We are probably nuts for even considering this but I know that a few folks on Outbackers have done something similar to this before (AZThroop) and wanted to get your feedback on something.

DW and I have been considering a larger home. Well not necessarily much larger but one that has another room in it because well...in particular we recently found out that #3 is on the way!!!














We are super excited about that, needless to say! God willing, we will have another Texas Outbacker around this Thanksgiving!!! Also we have had two close encounters with Tornados in 4 years now including some damage about 4 years ago and most recently, last Thursday (the new SuperDuty has oh..300 or so hail dents in it now). A basement sounds like a pretty good idea to us. In addition, our current home has an energy rating similar to a Baghdad government building after a good dose of GW's shock and awe. Not so good.

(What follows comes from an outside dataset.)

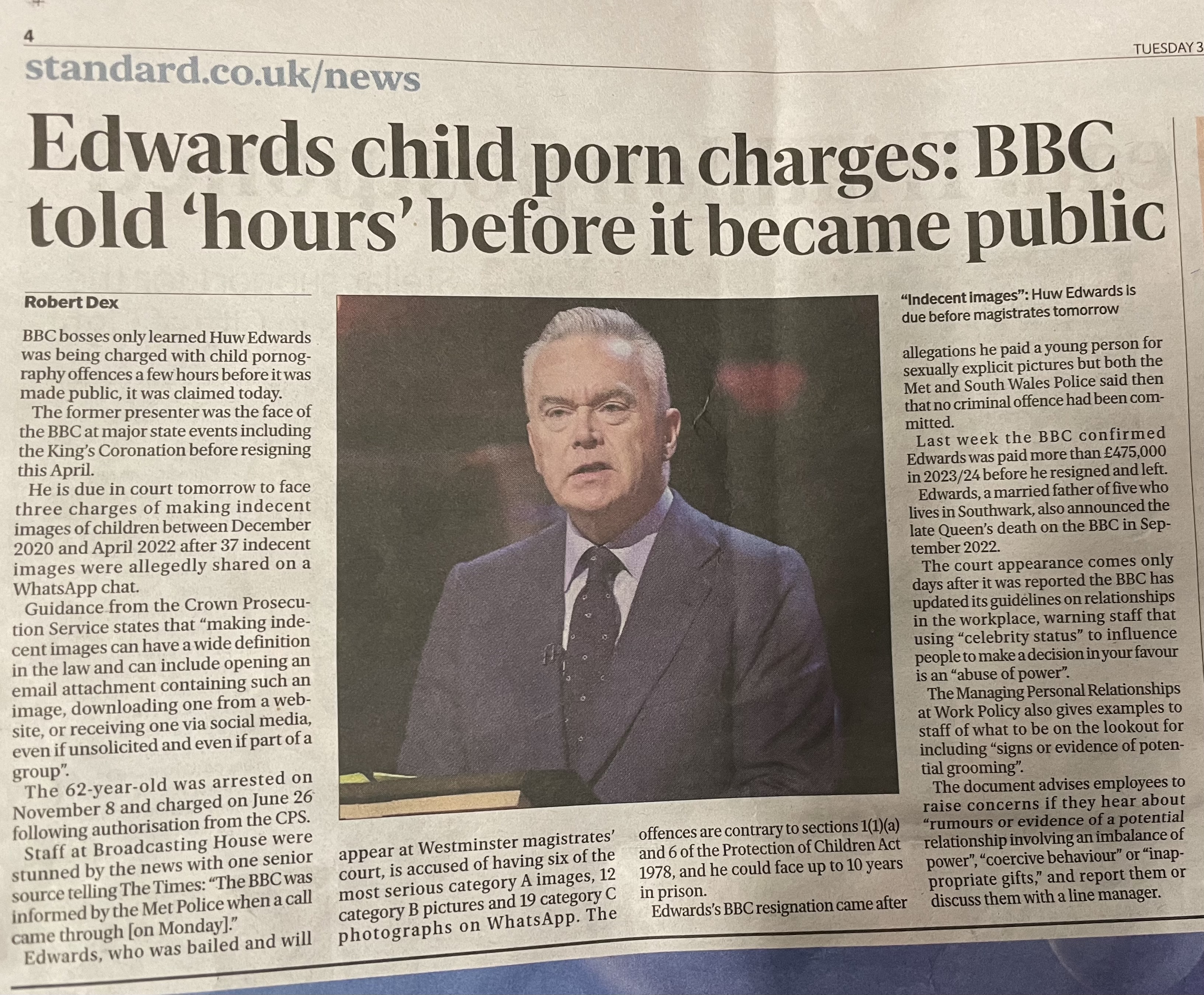 No , not anything to do with Parliament, but Westminister Magistrates Court……A big day for BBC “talent” Huw Edwards, who we are all pleased to see has returned to health and is fit to be tried. That does pose a question ..Will he enter guilty pleas?

Our water here is not great either. We don't drink it. The hardness is "off the charts" - literally. The US Dept. of the Interior has a water hardness scale that goes like this:

Soft: 0 - 1
Slightly hard: 1 - 3.5
Moderately hard: 3.5 - 7.0
Hard: 7.0 - 10.5
Very Hard: 10.5 & over

Our last water test about 6 weeks ago scored 48.
















My oldest daughter has skin problems related to the hardness and it curdling soap and it getting in her skin. DW has started making our own laundry soap because store bought stuff doesn't work well. I would just put in a softener but our genius builder buried our dadgum pressure tank about 45' from the house - about 6' under ground. Needless to say, estimates to install a softener are sky high. Ever hear of putting muriatic acid in your dishwasher? We hadn't either until the hard water destroyed our 2 previous ones. We now use lemi-shine instead...with just a bit of detergent. When I water my grass, it looks whitish. When the farmers pump the ground water really hard for the cotton, it kinda smells like rotten eggs are coming out of our faucets for a while. There are many other reasons other than our well water and a strainer for an R-rating, but on to my question.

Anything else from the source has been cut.